**Exercise data**

=== Begin Enclosure ===

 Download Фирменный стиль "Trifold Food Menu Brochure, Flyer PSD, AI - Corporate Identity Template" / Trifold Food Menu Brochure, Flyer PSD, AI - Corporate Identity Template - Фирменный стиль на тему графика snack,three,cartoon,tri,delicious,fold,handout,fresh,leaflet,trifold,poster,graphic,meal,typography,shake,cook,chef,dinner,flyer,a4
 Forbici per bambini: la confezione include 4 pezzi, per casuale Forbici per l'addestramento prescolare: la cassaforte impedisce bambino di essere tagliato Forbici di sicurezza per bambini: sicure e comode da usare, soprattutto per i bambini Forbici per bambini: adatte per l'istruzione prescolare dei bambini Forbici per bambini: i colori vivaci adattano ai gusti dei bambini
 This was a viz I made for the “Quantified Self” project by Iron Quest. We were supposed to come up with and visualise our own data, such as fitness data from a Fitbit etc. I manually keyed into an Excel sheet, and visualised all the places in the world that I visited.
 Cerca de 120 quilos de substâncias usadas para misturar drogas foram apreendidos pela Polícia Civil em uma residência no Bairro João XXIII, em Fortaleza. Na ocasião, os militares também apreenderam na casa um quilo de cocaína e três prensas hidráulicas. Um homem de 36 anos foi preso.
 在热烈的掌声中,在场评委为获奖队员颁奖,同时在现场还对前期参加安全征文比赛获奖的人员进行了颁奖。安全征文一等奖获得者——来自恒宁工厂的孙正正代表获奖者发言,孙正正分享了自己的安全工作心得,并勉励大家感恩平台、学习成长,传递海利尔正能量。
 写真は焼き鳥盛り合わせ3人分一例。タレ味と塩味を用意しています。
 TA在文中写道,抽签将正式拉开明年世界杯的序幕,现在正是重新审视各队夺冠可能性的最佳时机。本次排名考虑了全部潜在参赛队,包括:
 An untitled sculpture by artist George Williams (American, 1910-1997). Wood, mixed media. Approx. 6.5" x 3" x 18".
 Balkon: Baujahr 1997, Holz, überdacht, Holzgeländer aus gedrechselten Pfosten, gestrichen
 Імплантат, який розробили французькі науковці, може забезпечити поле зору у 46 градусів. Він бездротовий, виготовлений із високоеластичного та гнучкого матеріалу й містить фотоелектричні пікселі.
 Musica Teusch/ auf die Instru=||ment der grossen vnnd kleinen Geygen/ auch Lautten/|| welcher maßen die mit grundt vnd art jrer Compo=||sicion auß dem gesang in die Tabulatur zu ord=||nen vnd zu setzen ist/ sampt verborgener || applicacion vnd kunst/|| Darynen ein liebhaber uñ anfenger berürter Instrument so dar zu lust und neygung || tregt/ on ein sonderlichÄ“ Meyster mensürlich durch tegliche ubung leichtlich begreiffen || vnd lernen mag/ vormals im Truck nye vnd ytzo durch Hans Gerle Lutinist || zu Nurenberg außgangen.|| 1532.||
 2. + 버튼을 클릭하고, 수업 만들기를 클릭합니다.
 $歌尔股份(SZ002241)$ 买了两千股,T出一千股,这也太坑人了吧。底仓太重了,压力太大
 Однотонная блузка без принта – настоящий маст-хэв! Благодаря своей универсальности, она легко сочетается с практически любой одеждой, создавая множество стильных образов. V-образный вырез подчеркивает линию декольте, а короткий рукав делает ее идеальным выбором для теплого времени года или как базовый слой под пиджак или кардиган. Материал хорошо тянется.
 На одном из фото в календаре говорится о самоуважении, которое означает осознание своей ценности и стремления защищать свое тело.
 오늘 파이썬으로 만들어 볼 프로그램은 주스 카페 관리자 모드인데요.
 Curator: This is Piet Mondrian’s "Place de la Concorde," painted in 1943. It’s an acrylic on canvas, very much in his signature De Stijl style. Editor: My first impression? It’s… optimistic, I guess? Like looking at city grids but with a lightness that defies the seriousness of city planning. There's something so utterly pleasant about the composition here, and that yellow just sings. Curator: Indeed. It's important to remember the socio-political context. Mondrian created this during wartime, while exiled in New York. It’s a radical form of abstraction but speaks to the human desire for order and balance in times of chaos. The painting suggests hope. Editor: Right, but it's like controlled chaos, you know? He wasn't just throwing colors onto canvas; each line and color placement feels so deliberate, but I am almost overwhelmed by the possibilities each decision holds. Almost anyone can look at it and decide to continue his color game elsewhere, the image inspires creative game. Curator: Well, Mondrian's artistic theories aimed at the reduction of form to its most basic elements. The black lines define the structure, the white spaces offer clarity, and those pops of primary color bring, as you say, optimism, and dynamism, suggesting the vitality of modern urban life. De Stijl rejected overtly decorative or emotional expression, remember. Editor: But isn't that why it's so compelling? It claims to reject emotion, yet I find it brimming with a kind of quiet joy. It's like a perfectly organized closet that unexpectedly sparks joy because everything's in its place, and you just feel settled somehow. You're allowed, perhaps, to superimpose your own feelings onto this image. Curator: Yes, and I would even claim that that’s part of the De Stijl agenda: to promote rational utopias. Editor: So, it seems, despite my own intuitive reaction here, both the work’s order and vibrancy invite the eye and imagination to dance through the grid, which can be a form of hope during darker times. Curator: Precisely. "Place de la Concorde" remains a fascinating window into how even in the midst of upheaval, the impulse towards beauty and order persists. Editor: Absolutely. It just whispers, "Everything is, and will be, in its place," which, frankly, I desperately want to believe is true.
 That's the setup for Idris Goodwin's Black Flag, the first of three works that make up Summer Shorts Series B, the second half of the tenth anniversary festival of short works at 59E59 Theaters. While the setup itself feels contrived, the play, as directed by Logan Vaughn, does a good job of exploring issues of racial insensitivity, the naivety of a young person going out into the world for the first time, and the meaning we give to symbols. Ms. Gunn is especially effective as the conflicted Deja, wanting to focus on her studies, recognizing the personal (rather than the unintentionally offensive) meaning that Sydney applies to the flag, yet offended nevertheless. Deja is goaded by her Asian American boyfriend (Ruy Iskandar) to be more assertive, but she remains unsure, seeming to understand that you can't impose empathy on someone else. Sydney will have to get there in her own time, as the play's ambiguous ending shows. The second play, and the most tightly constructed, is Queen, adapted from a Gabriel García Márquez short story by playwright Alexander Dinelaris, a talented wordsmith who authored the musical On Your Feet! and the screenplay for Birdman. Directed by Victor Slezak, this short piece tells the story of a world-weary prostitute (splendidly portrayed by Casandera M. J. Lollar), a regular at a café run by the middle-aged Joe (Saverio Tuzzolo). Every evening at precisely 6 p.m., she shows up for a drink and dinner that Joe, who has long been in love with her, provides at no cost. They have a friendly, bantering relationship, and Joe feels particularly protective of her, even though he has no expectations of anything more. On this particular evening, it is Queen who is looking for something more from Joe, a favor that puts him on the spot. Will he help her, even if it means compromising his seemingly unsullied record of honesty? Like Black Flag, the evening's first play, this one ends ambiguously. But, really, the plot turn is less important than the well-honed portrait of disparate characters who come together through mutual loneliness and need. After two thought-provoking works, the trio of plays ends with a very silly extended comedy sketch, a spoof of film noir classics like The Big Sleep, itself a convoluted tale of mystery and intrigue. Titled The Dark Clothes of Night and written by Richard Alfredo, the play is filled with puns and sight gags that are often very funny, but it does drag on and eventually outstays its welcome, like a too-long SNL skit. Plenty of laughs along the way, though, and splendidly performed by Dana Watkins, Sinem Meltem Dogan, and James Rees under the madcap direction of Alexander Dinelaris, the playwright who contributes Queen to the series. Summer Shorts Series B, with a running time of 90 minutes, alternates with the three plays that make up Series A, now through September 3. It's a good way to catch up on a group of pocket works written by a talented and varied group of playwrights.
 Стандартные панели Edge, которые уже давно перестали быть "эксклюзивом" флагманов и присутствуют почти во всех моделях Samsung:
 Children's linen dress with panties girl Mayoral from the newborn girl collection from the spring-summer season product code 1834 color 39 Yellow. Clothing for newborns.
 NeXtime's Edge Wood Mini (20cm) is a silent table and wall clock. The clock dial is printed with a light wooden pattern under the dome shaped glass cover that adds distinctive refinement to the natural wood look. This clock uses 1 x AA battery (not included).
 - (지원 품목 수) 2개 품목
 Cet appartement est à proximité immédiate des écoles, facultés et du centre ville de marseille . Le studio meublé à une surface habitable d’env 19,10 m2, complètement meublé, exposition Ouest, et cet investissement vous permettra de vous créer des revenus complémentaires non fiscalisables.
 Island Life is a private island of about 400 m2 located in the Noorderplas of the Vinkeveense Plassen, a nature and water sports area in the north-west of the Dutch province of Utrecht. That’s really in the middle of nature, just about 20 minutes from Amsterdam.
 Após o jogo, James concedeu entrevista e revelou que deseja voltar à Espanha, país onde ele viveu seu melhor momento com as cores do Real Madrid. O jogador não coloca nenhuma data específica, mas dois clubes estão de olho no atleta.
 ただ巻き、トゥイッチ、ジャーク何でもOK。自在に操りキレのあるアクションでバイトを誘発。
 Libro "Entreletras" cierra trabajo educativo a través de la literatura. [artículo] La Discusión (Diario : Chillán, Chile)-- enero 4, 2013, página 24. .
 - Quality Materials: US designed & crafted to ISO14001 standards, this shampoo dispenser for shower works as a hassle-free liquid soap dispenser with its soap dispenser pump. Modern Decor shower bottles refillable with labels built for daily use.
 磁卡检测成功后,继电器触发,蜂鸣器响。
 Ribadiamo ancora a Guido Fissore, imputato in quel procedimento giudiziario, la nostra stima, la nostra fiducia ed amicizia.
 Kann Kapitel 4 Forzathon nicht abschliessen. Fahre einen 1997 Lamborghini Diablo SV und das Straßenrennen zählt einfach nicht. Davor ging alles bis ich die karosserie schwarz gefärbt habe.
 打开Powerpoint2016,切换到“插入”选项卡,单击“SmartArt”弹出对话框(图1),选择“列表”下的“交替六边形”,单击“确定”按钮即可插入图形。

=== End Enclosure ===

**Work item**
Write only the number of lines in the records that include the word "Edge".

**Written solution**
2